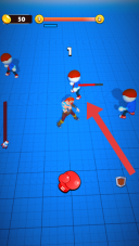 2、金币显示为“50”,上方有进度条(等级1-2),数字“1”代表波数或敌人计数,展示了一个战斗场景,玩家角色与多个敌人在蓝色网格的场地上对战。
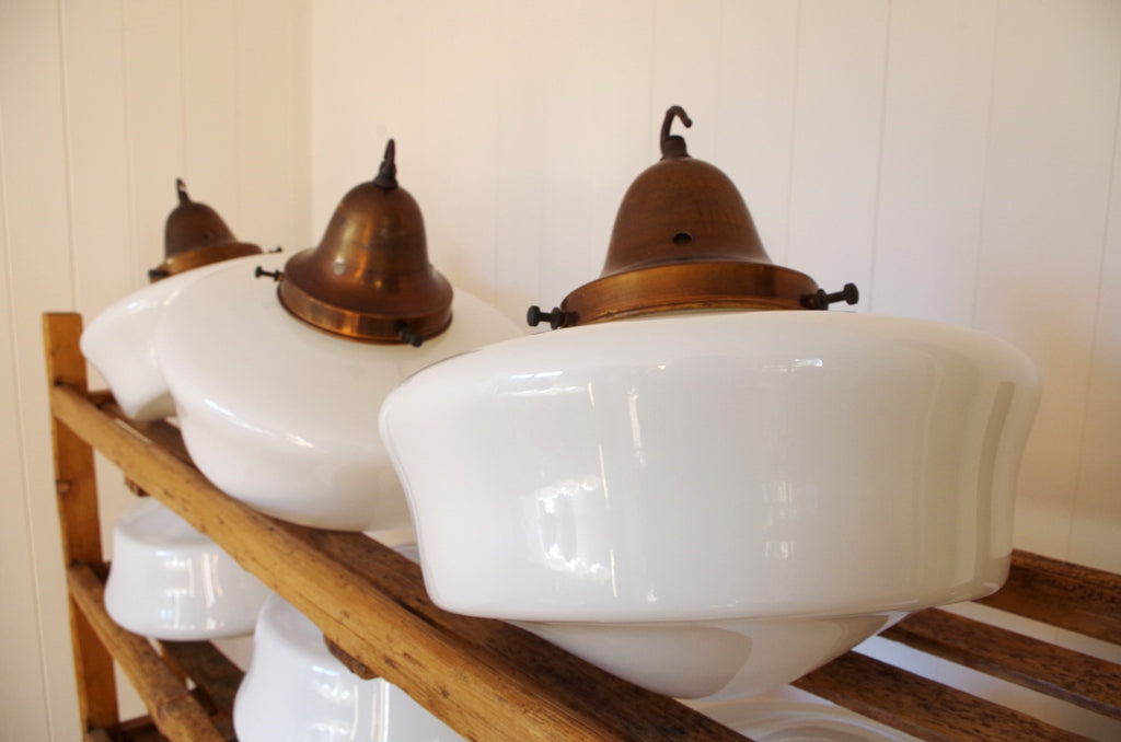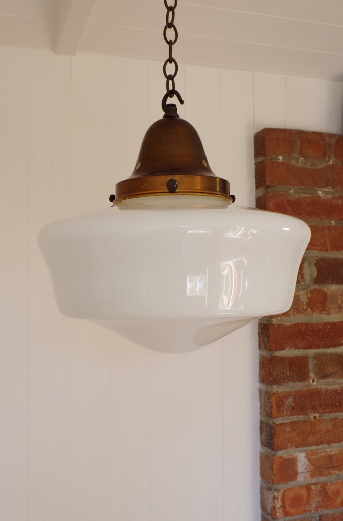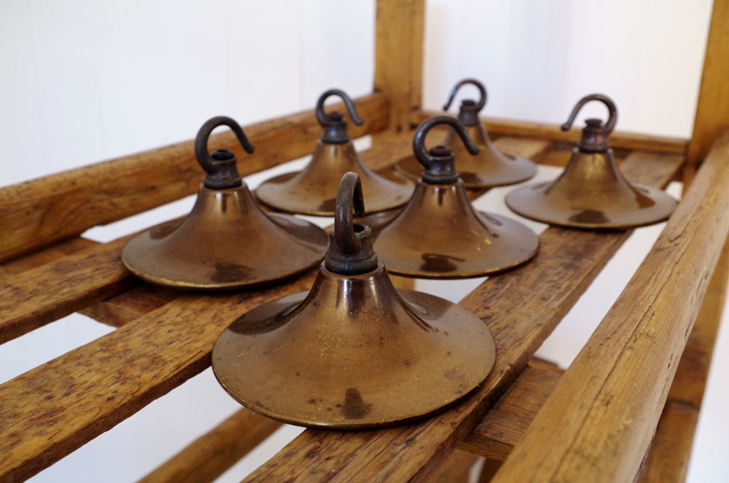 We have another lovely run of six pendants originally from a chapel in Herefordshire. Each with their original coppered brass galleries/bulb holders, ceiling hooks and chains. Priced each, please get in contact for further details/how to purchase.
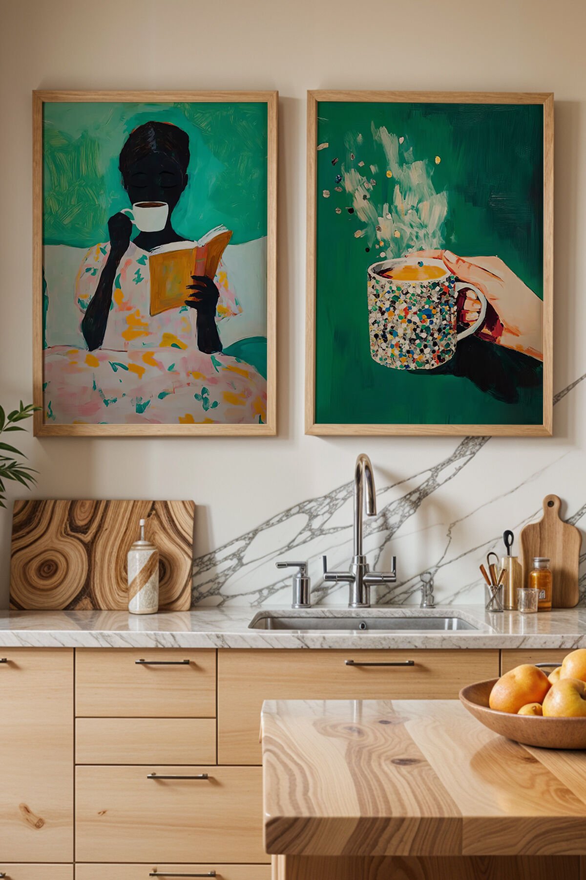 DOĞAL AHŞAP - Kitap ve Kahve Keyfi Yeşil Arka Plan 2'li Doğal Ahşap Çerçeveli Mutfak Duvar Tablosu
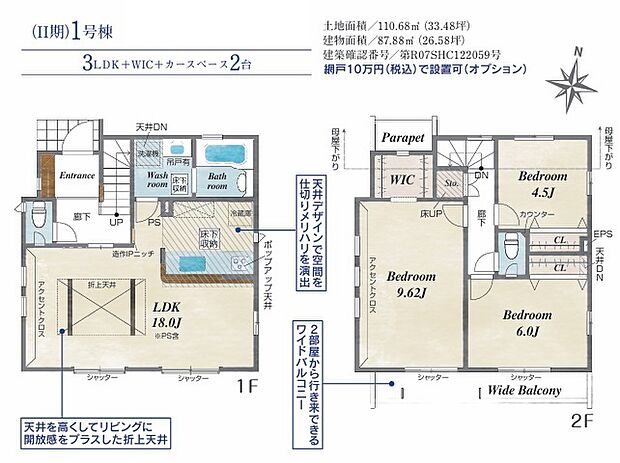 | 間取り | 3LDK 間取り内訳:リビングダイニングキッチン 18帖(1階)・和室 4.5畳(1階)・洋室 6帖(2階)・洋室 9.6帖(2階) |
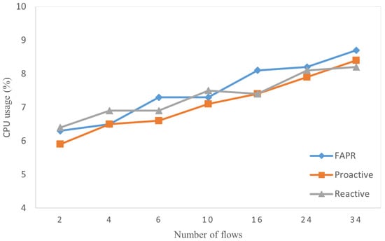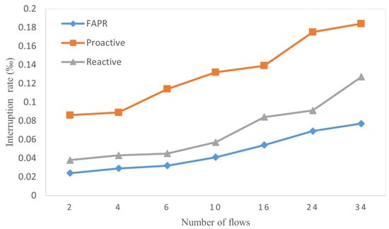 As shown in Figure 10, when the number of flows increases, the flow interruption rates of the three schemes increase as well. However, under the same experimental conditions, the flow interruption rate of the FAPR scheme is always lower than the other two schemes. Among these three schemes, the proactive scheme corresponds to the highest flow interruption rate. This can be explained by the fact that the proactive scheme deploys flow rules in advance in switches, and does not consider the real-time network view. When link failure occurs, flows may forward along multiple backup paths that contain the same link, leading to congestion or interruption. Compared with the proactive scheme, the reactive scheme considers the real-time view of the network, so it performs better. Unlike the other two schemes, the FAPR scheme has the lowest interruption rate by classifying different types of flows and assigning the most suitable path to each flow, thus avoiding over-concentration of flows.
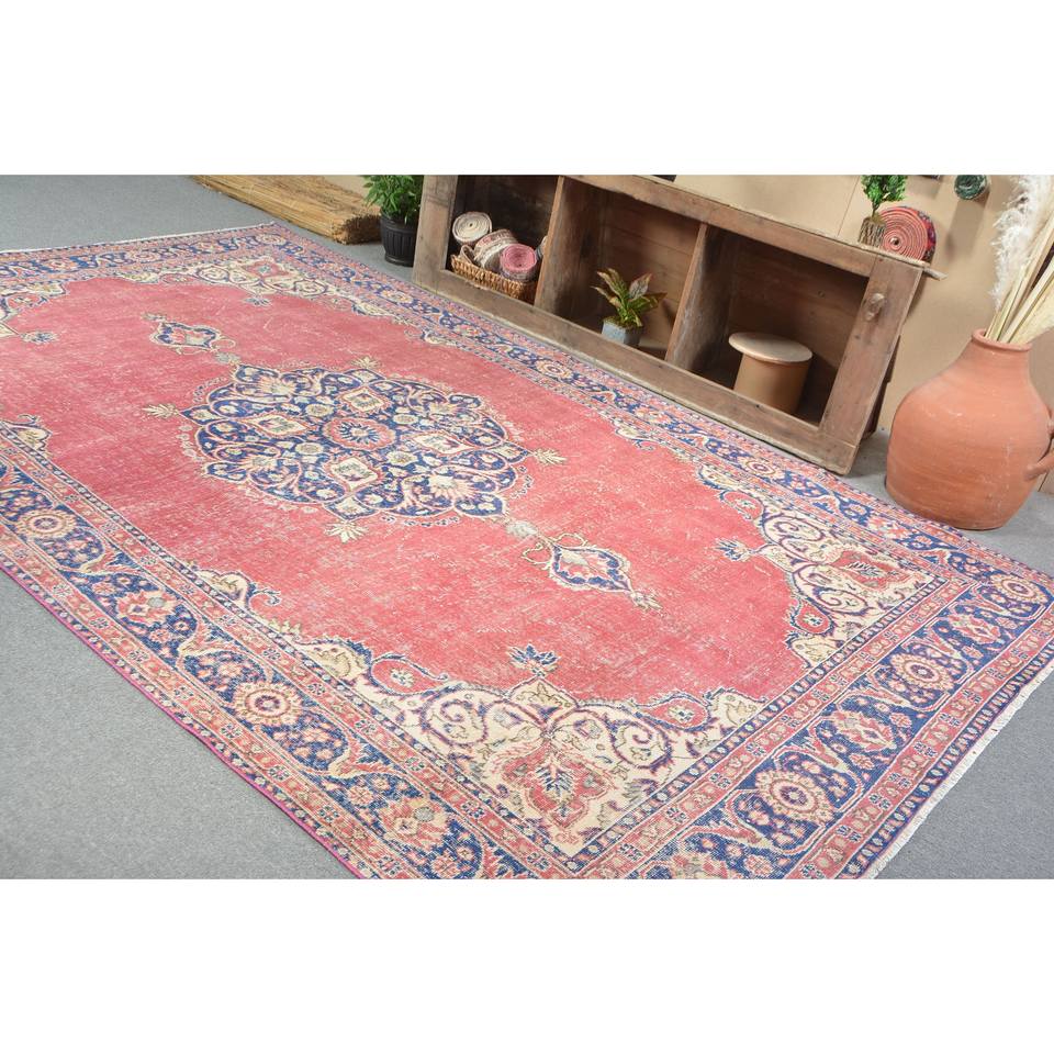 Classic Red Blue Vintage Turkish Rug 6.7 X 11 ft Large Area Rectangle Patchwork Design Organic Cotton Wool Latex Hallway Room

◆ Exercise details
Nothing should be printed except the lines from the one with "DOĞAL AHŞAP - Kitap" through the last line of the listing above, both ends included; please drop the pictures.

◆ Result
 DOĞAL AHŞAP - Kitap ve Kahve Keyfi Yeşil Arka Plan 2'li Doğal Ahşap Çerçeveli Mutfak Duvar Tablosu
 | 間取り | 3LDK 間取り内訳:リビングダイニングキッチン 18帖(1階)・和室 4.5畳(1階)・洋室 6帖(2階)・洋室 9.6帖(2階) |
 As shown in Figure 10, when the number of flows increases, the flow interruption rates of the three schemes increase as well. However, under the same experimental conditions, the flow interruption rate of the FAPR scheme is always lower than the other two schemes. Among these three schemes, the proactive scheme corresponds to the highest flow interruption rate. This can be explained by the fact that the proactive scheme deploys flow rules in advance in switches, and does not consider the real-time network view. When link failure occurs, flows may forward along multiple backup paths that contain the same link, leading to congestion or interruption. Compared with the proactive scheme, the reactive scheme considers the real-time view of the network, so it performs better. Unlike the other two schemes, the FAPR scheme has the lowest interruption rate by classifying different types of flows and assigning the most suitable path to each flow, thus avoiding over-concentration of flows.
 Classic Red Blue Vintage Turkish Rug 6.7 X 11 ft Large Area Rectangle Patchwork Design Organic Cotton Wool Latex Hallway Room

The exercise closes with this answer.